Start of MATERIAL FOR THE TASK

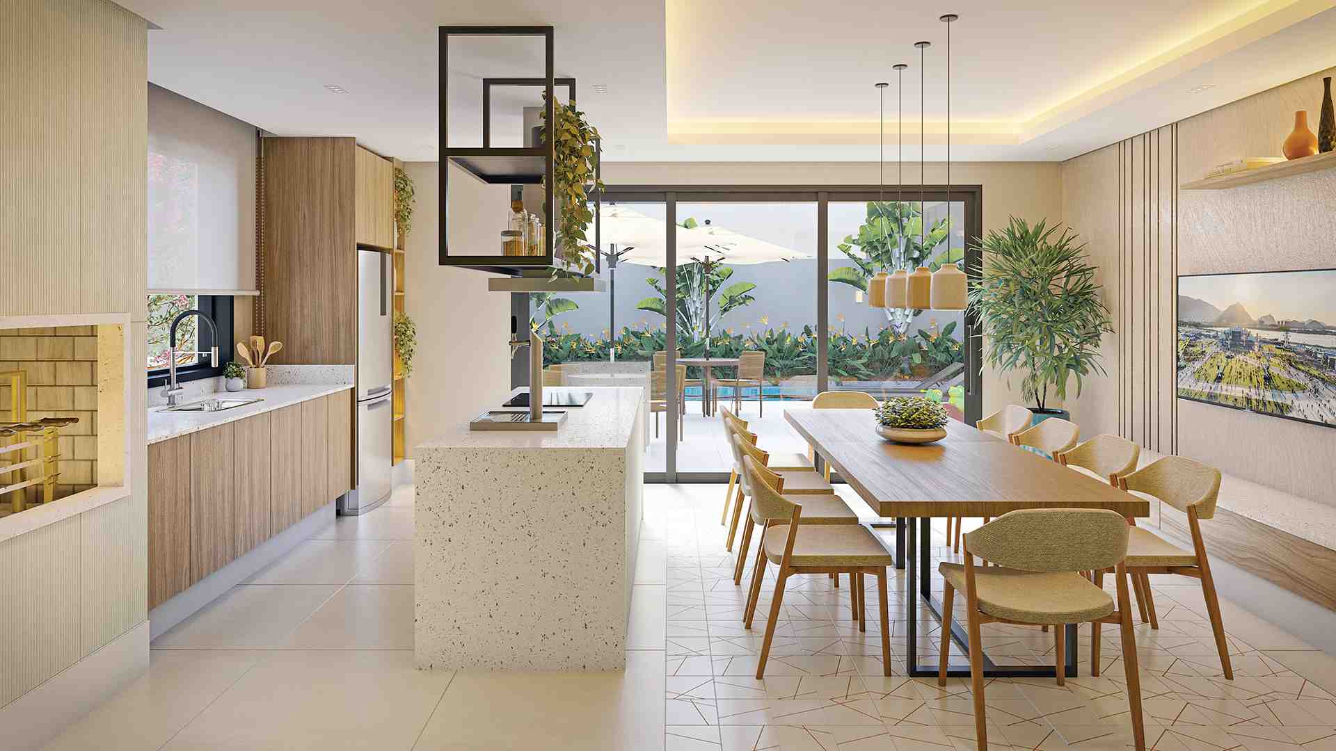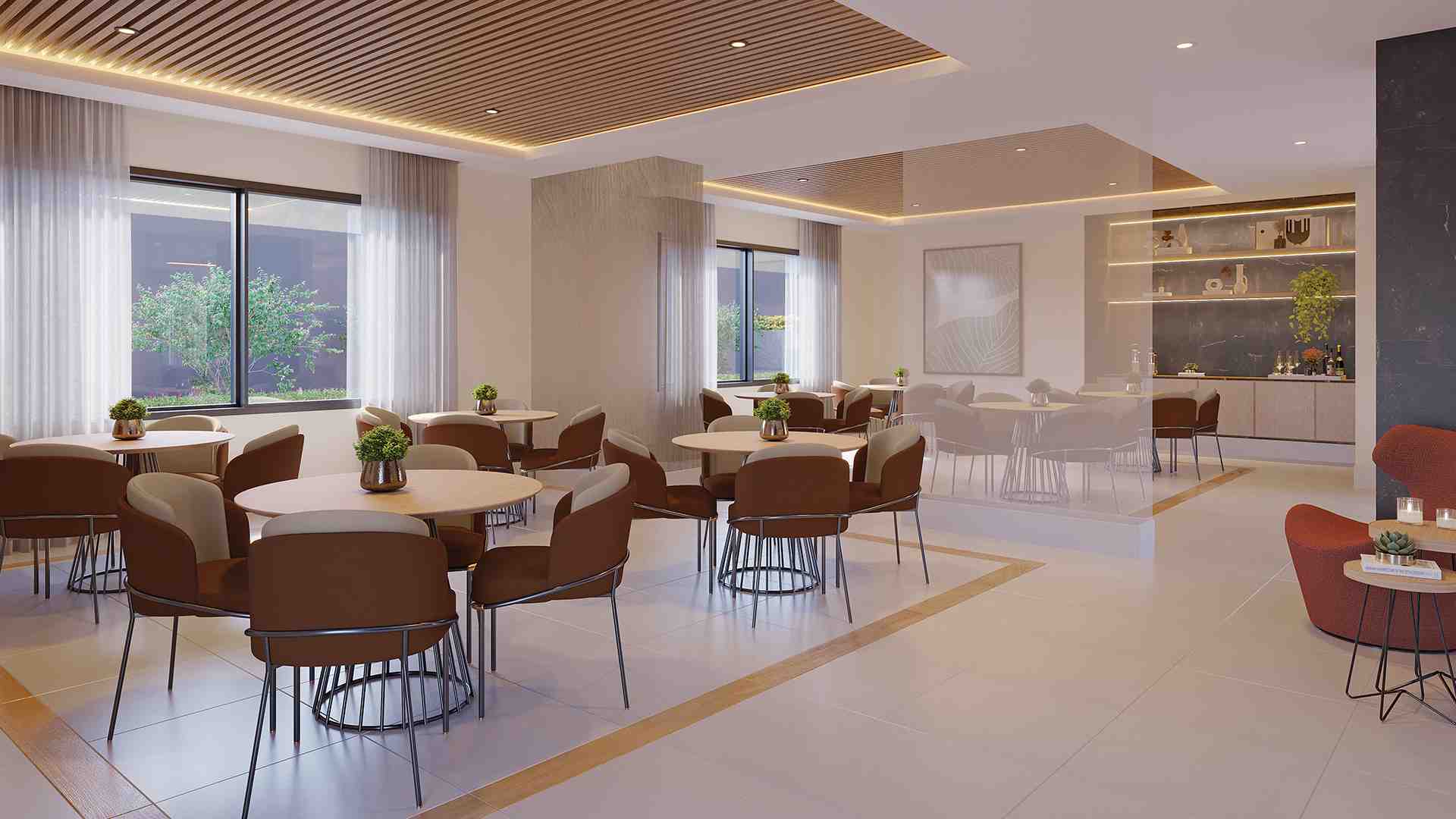 A varanda gourmet do ÁUREA será muito espaçosa, com churrasqueira a carvão completa, incluindo iluminação e sistema de exaustão e será integrada à cozinha e à sala de jantar. O piso nivelado traz modernidade e garante a perfeita circulação entre os ambientes.
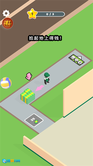 完成游戏安装后启动进入,按照指引长按屏幕控制角色移动到金币所在处,角色会自行收集这些金币。
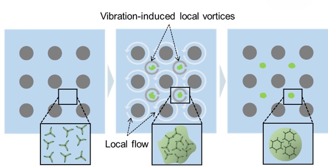 中央大学理工学部の鈴木 宏明教授、早川 健教授、大学院理工学研究科学生の黄 之泰(Zhitai HUANG)、金子 完治(当時)、米山 遼太郎(当時)、および東京科学大学総合研究院自律システム材料学研究センターの丸山 智也特任助教、同大学総合研究院化学生命科学研究所の瀧ノ上 正浩教授らの共同研究グループは、マイクロスケールの均一な生体分子凝集体を効率よく作り出す、新しい簡便な手法の開発に成功しました。本手法は、早川教授が開発した振動誘起流れ技術を基盤としており、高価な装置や複雑なマイクロ流路設計を一切必要としません。シンプルな機械的振動だけを使い、細胞環境に近い単一水相の中で凝集体の形成を精密に制御できる、汎用性の高い技術です。
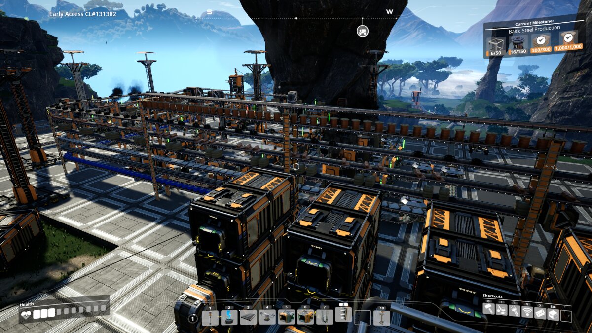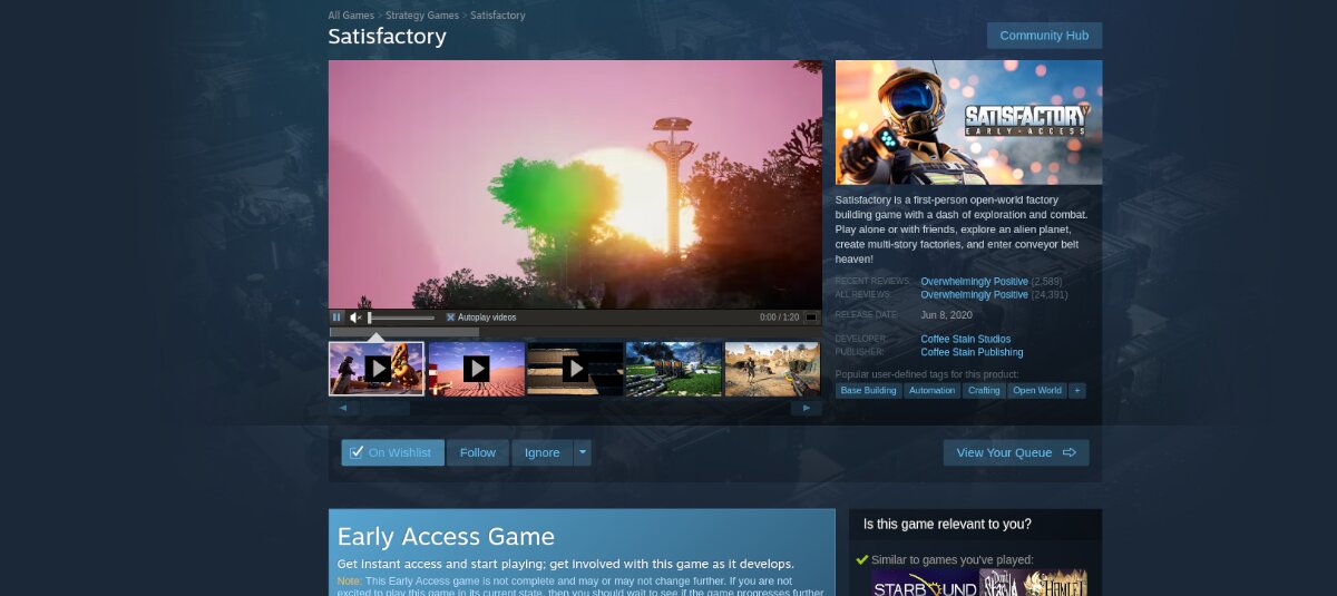 Satisfactory is a simulation game that puts the player into a 3D open world and tasks them with creating a functioning factory. Satisfactory was developed and published by Coffee Stain Studios. It was released on Steam in early access, allowing it to run on Linux via Proton/Steam Play.
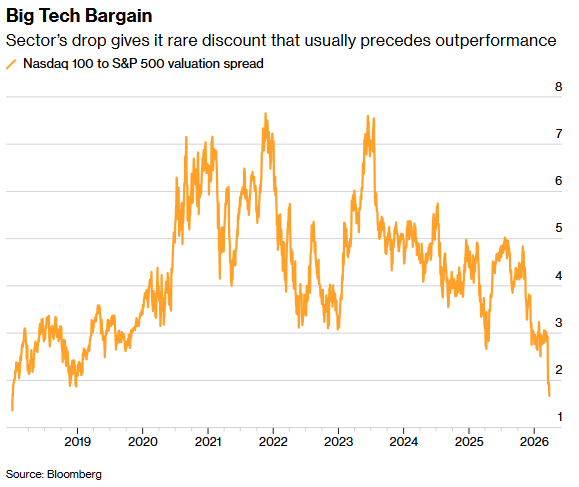 智通财经APP获悉,大型科技股的大跌已将纳斯达克100指数推入技术性回调,而市场正浮现出一些历史上曾预示该板块走势逆转的信号。其中最关键的信号,是大型科技股相对大盘的估值溢价已被大幅抹去。从历史经验看,这种估值压缩往往为该板块后续跑赢市场奠定基础。自去年10月创下历史高点以来,这个以科技股为主的指数已累计下跌11%,目前其预期市盈率约为21倍(基于未来12个月盈利),仅比标普500指数高出1.7个
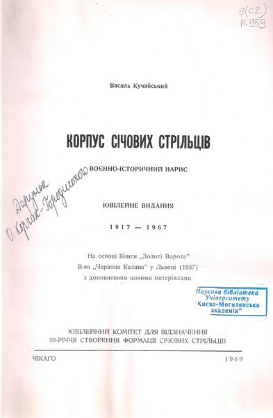 Кучабський, В. Корпус Січових Стрільців : воєнно-історичний нарис : 1917–1967 : на основі Книги “Золоті ворота” В-ва “Червона Калина” у Львові (1937) з доповненням новими матеріялами / В. Кучабський. – Ювілейне вид. – Чікаго, 1969. – XVI, 663 с. : карт., іл., фот.
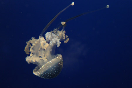 ↓同じく海遊館の、キノコのようなクラゲちゃん。頭の色がキレイです。
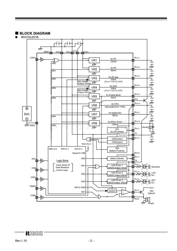 The R5310L Series are Multi LDO regulators for power management of cellular phones. All of regulators are low noise and
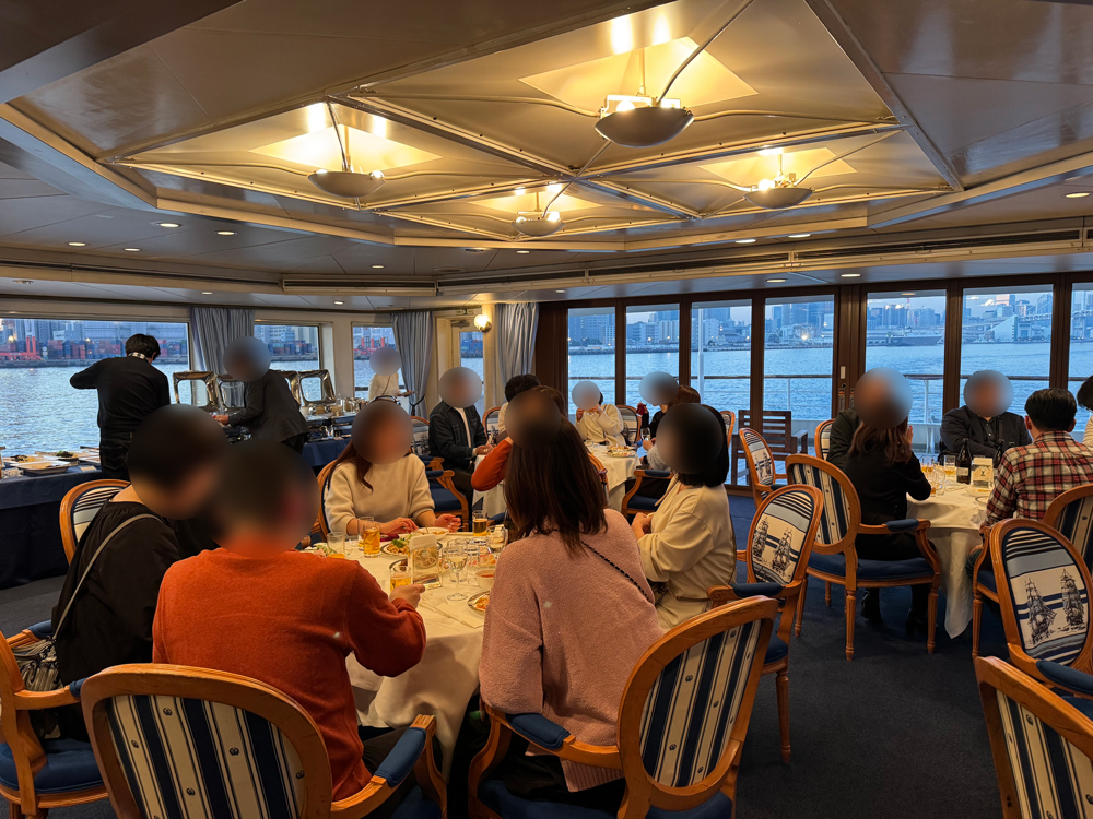 食事を一通り楽しんだ後はデッキに出て夜景をみたり、写真を撮ったり、思い思いの時間を過ごしました。男女関係なくみんなでワイワイと楽しい雰囲気で、あっという間の2時間でした。

End of MATERIAL FOR THE TASK

• _BRIEF_
From the first line to the last, repeat the records exactly, leaving out the pictures.

• _FINISHED EXERCISE_
 A varanda gourmet do ÁUREA será muito espaçosa, com churrasqueira a carvão completa, incluindo iluminação e sistema de exaustão e será integrada à cozinha e à sala de jantar. O piso nivelado traz modernidade e garante a perfeita circulação entre os ambientes.
 完成游戏安装后启动进入,按照指引长按屏幕控制角色移动到金币所在处,角色会自行收集这些金币。
 中央大学理工学部の鈴木 宏明教授、早川 健教授、大学院理工学研究科学生の黄 之泰(Zhitai HUANG)、金子 完治(当時)、米山 遼太郎(当時)、および東京科学大学総合研究院自律システム材料学研究センターの丸山 智也特任助教、同大学総合研究院化学生命科学研究所の瀧ノ上 正浩教授らの共同研究グループは、マイクロスケールの均一な生体分子凝集体を効率よく作り出す、新しい簡便な手法の開発に成功しました。本手法は、早川教授が開発した振動誘起流れ技術を基盤としており、高価な装置や複雑なマイクロ流路設計を一切必要としません。シンプルな機械的振動だけを使い、細胞環境に近い単一水相の中で凝集体の形成を精密に制御できる、汎用性の高い技術です。
 Satisfactory is a simulation game that puts the player into a 3D open world and tasks them with creating a functioning factory. Satisfactory was developed and published by Coffee Stain Studios. It was released on Steam in early access, allowing it to run on Linux via Proton/Steam Play.
 智通财经APP获悉,大型科技股的大跌已将纳斯达克100指数推入技术性回调,而市场正浮现出一些历史上曾预示该板块走势逆转的信号。其中最关键的信号,是大型科技股相对大盘的估值溢价已被大幅抹去。从历史经验看,这种估值压缩往往为该板块后续跑赢市场奠定基础。自去年10月创下历史高点以来,这个以科技股为主的指数已累计下跌11%,目前其预期市盈率约为21倍(基于未来12个月盈利),仅比标普500指数高出1.7个
 Кучабський, В. Корпус Січових Стрільців : воєнно-історичний нарис : 1917–1967 : на основі Книги “Золоті ворота” В-ва “Червона Калина” у Львові (1937) з доповненням новими матеріялами / В. Кучабський. – Ювілейне вид. – Чікаго, 1969. – XVI, 663 с. : карт., іл., фот.
 ↓同じく海遊館の、キノコのようなクラゲちゃん。頭の色がキレイです。
 The R5310L Series are Multi LDO regulators for power management of cellular phones. All of regulators are low noise and
 食事を一通り楽しんだ後はデッキに出て夜景をみたり、写真を撮ったり、思い思いの時間を過ごしました。男女関係なくみんなでワイワイと楽しい雰囲気で、あっという間の2時間でした。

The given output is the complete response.